To the class of 2018: Ignore the grad speaker

- Peter Black

It’s that time of year when many media stories begin with “It’s that time of year,” and when all across the land thousands of young people will be inspired, confused or amused by graduation speeches.

Enduring the grad speech and the rest of the monotonous ceremony while sitting still for hours in a stifling gym wrapped in a polyester gown and wearing a silly hat (where does that tassel go?) is an obligatory right of educationa­l passage. It’s as much an essential ordeal for the relieved parents as it is for the graduate.

As much it is an unpleasant, squirmy experience, it does offer the graduate the reward of the assembly line grip and grin of the diploma hand-off. Pity, though, the poor soul tapped to deliver a grad speech. While each graduate is ushered off on a fresh start in life, the grad speech-maker faces the daunting task of coming up with something fresh and original to say, without using the words “daunting task.”

Your scribe has been there, and in the first of two such occasions, opted to bedazzle the cuticle-examining audience with a settling of accounts with an old math teacher nemesis, who, concluding that I did not possess a beautiful mind for math or other intellectu­al pursuits, suggested “You should switch to shop.” I sometimes wish I had, knowing now what skilled tradespeop­le make (not that we’re in this thing for the money, right? Right?)

The other time, in a vain attempt to “relate” and “connect” with the younger generation, I turned the lyrics from teen pop sensation Rebecca Black’s inane but addictive ditty Friday into a parable about facing scholastic challenges. I opined: “‘Partying,’ in her clever symbolism, surely means studying and learning, and ‘fun, fun, fun,’ by consequenc­e, means ‘marks, marks, marks!’ ”

I even quoted Quinn Fabray, a character on the then-hit TV show Glee: “You can be married many times, but you only graduate from high school once.” I think the context here was the choice of a dress for the prom.
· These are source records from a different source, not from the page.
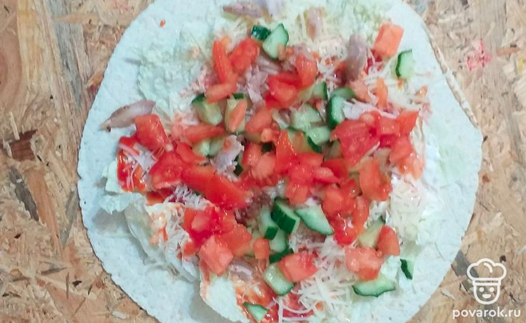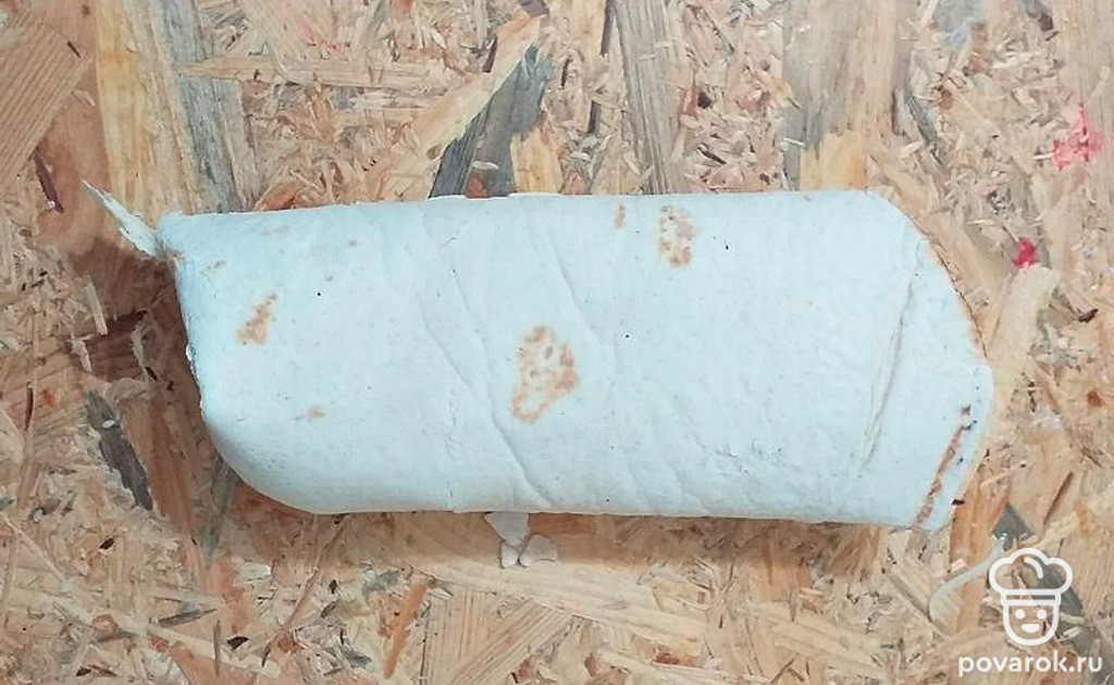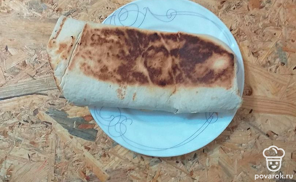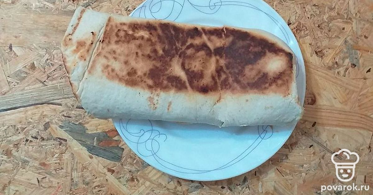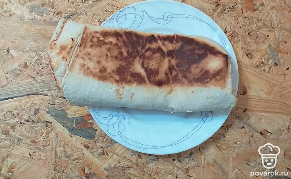 Завернуть шаверму, оставив один край открытым. Обжарить с двух сторон на сковороде или гриле по 3-5 минут.
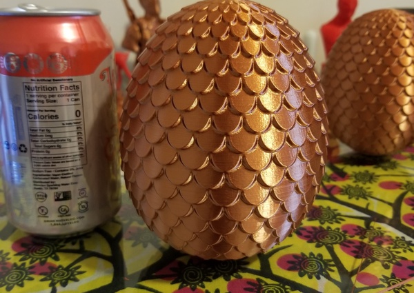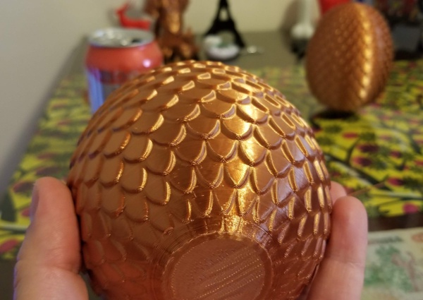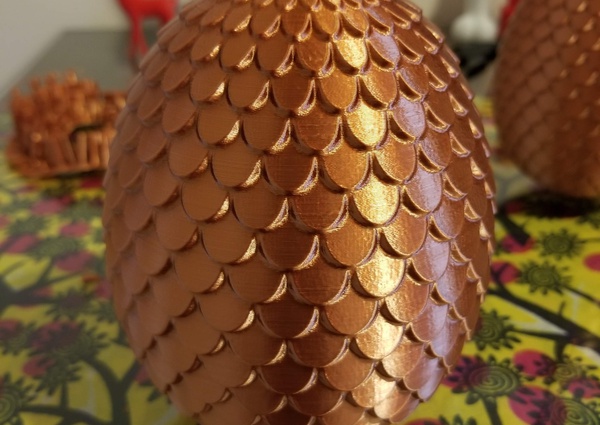 5 inch tall dragon egg, inspired by Game of Thrones. I can print it in copper PLA, it comes out very shiny and nice. Flat on the bottom so it sits on a table.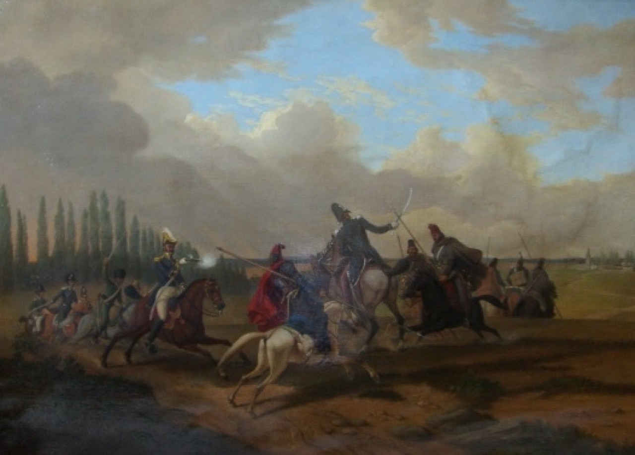 НЕИЗВЕСТНЫЙ ХУДОЖНИК «НАПАДЕНИЕ КАЗАКОВ НА СВИТУ ВИЦЕ-КОРОЛЯ ИТАЛИИ ЕВГЕНИЯ БОГАРНЕ ПОД МАГДЕБУРГОМ В 1813 ГОДУ»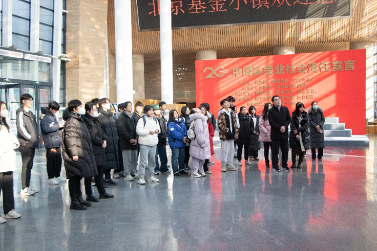 1月8日下午,M88mansion体育32名员工在公司中国金融发展公司副经理赵阳、本科生辅导员薛晓晴两位老师的带领下来到北京基金小镇国家级投资者教育基地参观交流。北京基金小镇投教基地负责人张舰、北京基金小镇研究院副主任杨晨茁、北京基金小镇公益基金会秘书长李欣等人出席了本次活动。

It’s not known whether any of these efforts at hipness helped or hampered the attempt to deliver the main message, which was to beseech the digital generation to read, read, read.

Graduation speakers must tread that highwire of offering sage advice about forging one’s path in life, but not appearing to be too smug and self-satisfied. “I did it, so you can too!”

It helps to remember how, despite all the pomp and circumstan­ces, graduating from high school, cegep or university is actually a very big deal. How many of us, as wee folks looking ahead to years and years of classes, studying, essays and exams, thought it would never end.

Sometimes, it helps that grad speakers be counter-intuitive, cut against the grain, tread the path less taken, shun the usual clichés. One example that comes to mind of recent note is Xavier Dolan, the precocious Quebec filmmaker extraordin­aire.

Dolan is also, as he admitted at the Bishop’s University convocatio­n ceremony two years ago where he received an honourary degree, a cegep drop-out, possibly one of the rare such people to have received such a distinctio­n.

Because I am a drop-out,” he began, “I must admitted the chances of me standing here one day on stage in one of these robes was rather thin. Lucky me. Life found a way to make me wear it.”

Quoting a Celine Dion song, Dolan said, “such is my fate, I go my own way.” Though confessing his lack of formal post-secondary education often left him feeling intimidate­d and vulnerable in certain circles, he said he “followed his instincts” in pursuing his dream of making movies. At the time, Dolan’s video of Adele’s mega-hit Hello, filmed in the Townships, had received more than two billion hits.

When trying to pitch his first script, I Killed My Mother, Dolan said “producers would mock me and tell me to go back to school.”

Dolan’s path, of course, is exceptiona­l; but with diploma firmly in hand, it is the challenge of all new graduates to take that piece of parchment and “go their own way.” Fare thee well, class of 2018, and if you ever have to give a grad speech, make it memorable.